4. **Outliers:** Outlier points (circles) are present for all models across many steps, indicating occasional simulation runs that produced results far from the central distribution.
5. **Step 350 Anomaly:** At step 350, the median for `Hybrid (LLM)` drops noticeably compared to its trend, while the other two models continue their upward trajectory.
### Interpretation
The data suggests a clear hierarchy in the models' ability to generate or maintain neighbor connections over time in this simulation. The pure `NetLogo` model is the most effective and consistent at increasing the average number of neighbors. The `Hybrid (NetLogo)` model performs well, following a similar but slightly lower trajectory. The `Hybrid (LLM)` model, while showing an overall increase, is characterized by high instability and lower final performance.

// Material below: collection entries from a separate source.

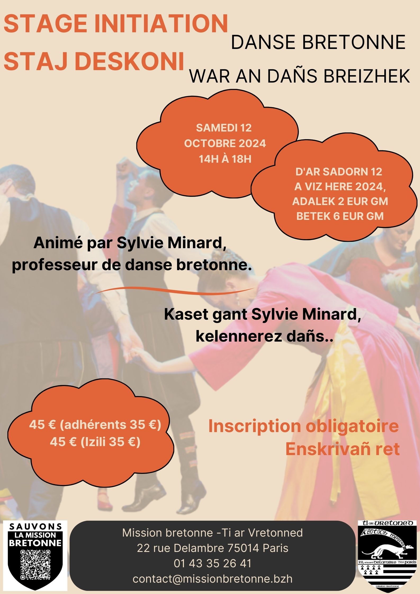 Animé par Sylvie Minard, professeur de danse bretonne. Pour ne plus faire tapisserie pendant les festoù-noz…et pour nos amis musiciens qui souhaiteraient étoffer leur pratique avec la danse …Un stage pour découvrir les danses les plus courantes, de l’an dro à la gavotte, de la dañs tro (en rond) à la quadrette : la danse bretonne est riche de ses dizaines de terroirs de danse !
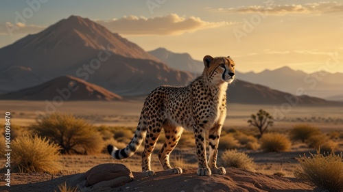 © Lycee, Obraz premium realistic illustration of a cheetah in the savannah
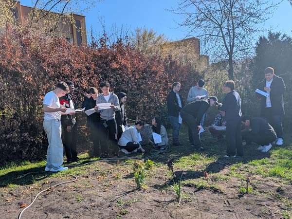 Um nicht nur theoretisches, sondern auch praktisches Wissen zu vermitteln, haben wir einen Besuch des Schulgartens eingeplant. Hier sollten die Lernenden eine Bodenprobe nehmen, sie untersuchen und auf ihre Qualität bewerten. Interessant war zu sehen, wie sich die Bodenqualität zwischen April und Juni sichtbar verbessert hatte, da wetterbedingt erst nach dem 4. April 2025 natürlicher Dünger im Schulgarten verteilt werden konnte. Zudem zeigte die Bewertung einen Zuwachs an Kleinstlebewesen.
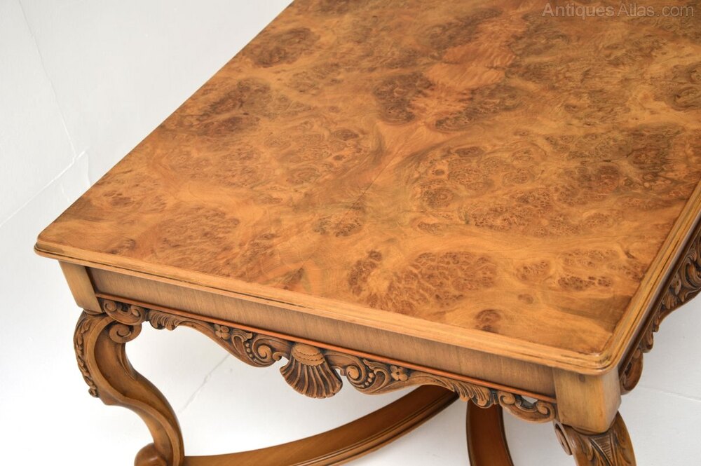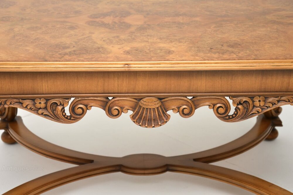 The quality is outstanding, this is a large and impressive size. The top has stunning burr walnut grain patterns, and there is crisp floral carving all around the edges. This stands on cabriole legs with more lovely carving at the knees, terminating in scrolled feet which stand on an X frame stretchered base.
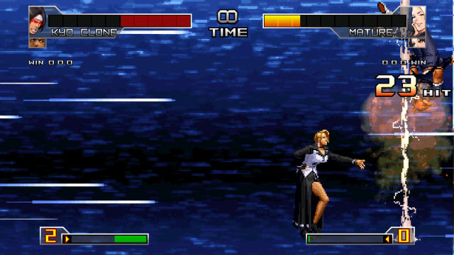 kofsky中集结了很多拳皇中的boss级人物,包括相比原版更加BT的黑化八神以及黑阿修,移动速度以及必杀等都非常的强力。
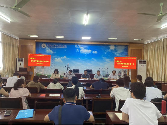 6月20日下午,建筑工程学院在科园校区办公楼7楼会议室开展《习近平著作选读》第一卷专题学习会,会议由党总支曾云辉书记主持,全体教职工参加会议。
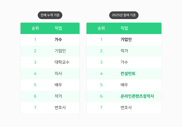 28일 네이버가 공개한 '인물정보 2025 트렌드'에 따르면, 올해 인물정보 신규등록과 업데이트 참여가 가장 많았던 직업은 기업인, 작가, 가수, 컨설턴트, 배우, 온라인콘텐츠창작자(크리에이터), 변호사 순이었다. 전체 누적으로 보면 가수, 기업인, 대학교수, 의사, 배우, 작가, 변호사 순이다.
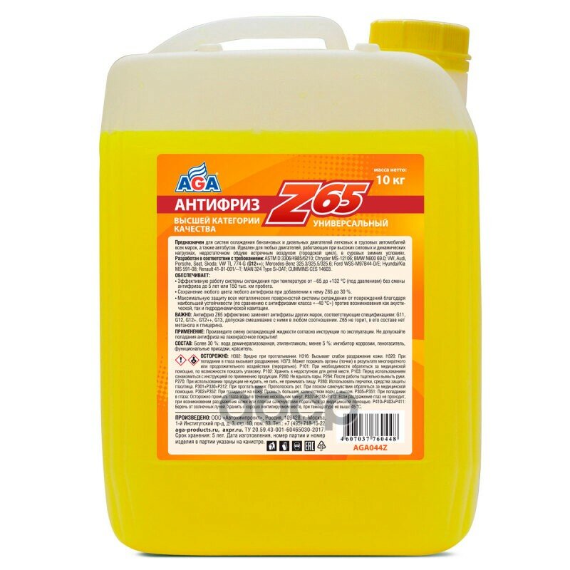 Купить Aga Антифриз, Готовый К Применению, Желтый, -65°C (10Kg) AGA арт. AGA044Z
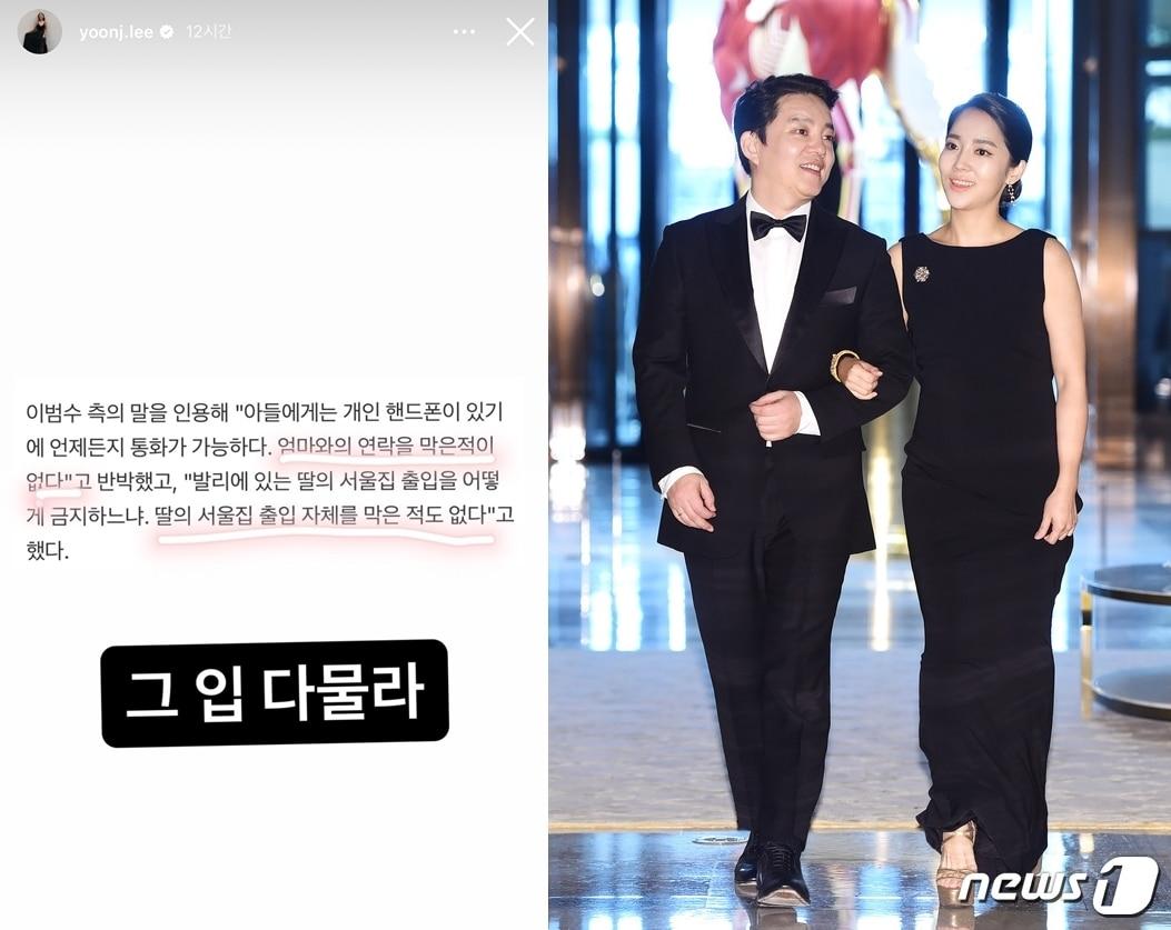 (이윤진 인스타그램 갈무리, ⓒ News1 DB)(이윤진 인스타그램 갈무리)관련 키워드이범수이윤진이범수이혼이윤진반박주요 기사지상렬 16세 연하 쇼호스트 신보람 열애, 방송용 아닌 진짜였다'이혼 후 3년' 강성연, 열애 깜짝 고백 "아이들 아껴주는 사람"다니엘, 뉴진스 퇴출 15일만에 밝힌 첫 심경…431억 소송전엔 침묵 [N이슈]최강록 상대는 누구…'흑백2' 스포 논란 속 대망의 결승전 디데이'배성재♥' 김다영, 단아한 한복 탈의하니 울퉁불퉁 등근육…반전

This could imply that integrating a Large Language Model (LLM) into the hybrid system introduces significant noise or unpredictability into the agent behavior governing neighbor relationships, whereas the rule-based NetLogo environment produces more stable and scalable outcomes for this specific metric. The high variance in the LLM hybrid might be a critical finding, suggesting it requires further tuning or that its decision-making process leads to a wider range of emergent social structures. The chart effectively demonstrates not just the central tendency but the crucial difference in reliability between the modeling approaches.